Solutions To Public Transit/Personal Space Problems

Many others have dealt with this issue and I’ve seen a lot of women in particular share personal experiences online, and one such account on Facebook actually prompted me to write this. Even when it’s being joked about, the fear is real. A small minority of men do feel that they can just expand in a seat, take up space, trap you between their leg and a surface – or worse, trap you in an unwanted conversation while they expect you to sit there as they leer at you.

Two women have come up with solutions to this problem: the spiky dress and the expandable dress. Kathleen McDermott, inventor of the dress, said she did it because she “began to look for ways women could take more ownership over their personal space in public.”
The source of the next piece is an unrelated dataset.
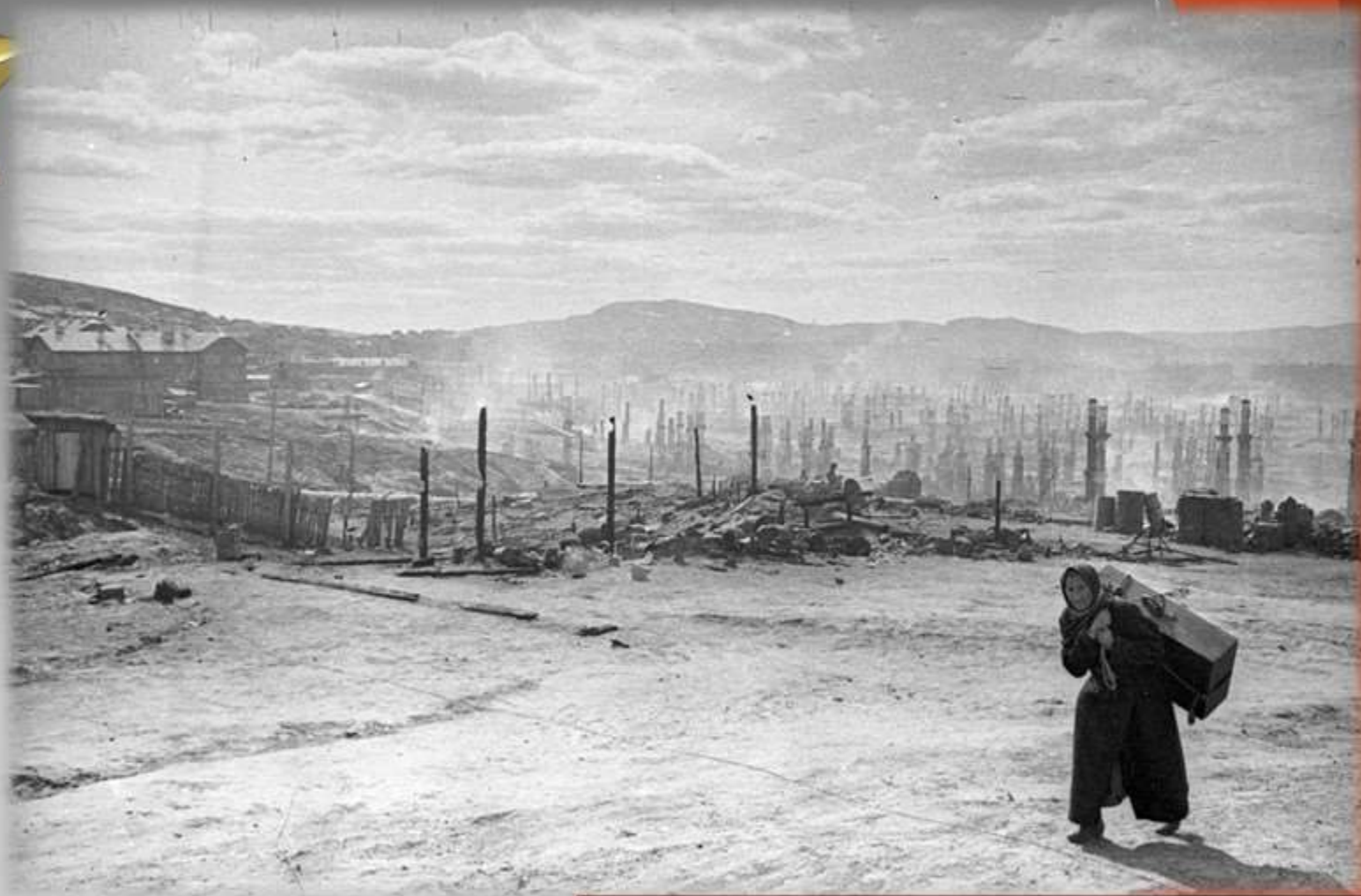
Мурманск после налета немецкой авиации

According to the Daily Mail:

“Indeed, The New York Times reported a major New York transit hearing in 2009, which found that sexual harassment is the number one offense which ‘affects the quality of urban life’ on subways. Police said the peak times for those arrests was during morning and afternoon rush hours.

Ms McDermott’s dress, while comical to behold and admittedly entirely impractical, was designed more to establish a point than to actually manufacture and sell.” [Click here to read the full article.]

Ultimately, the most ideal solution would involve just saying something. After a long day at work, I just may muster the courage to loudly and publicly vilify the next egregious offender – or politely ask someone to stop encroaching on my space.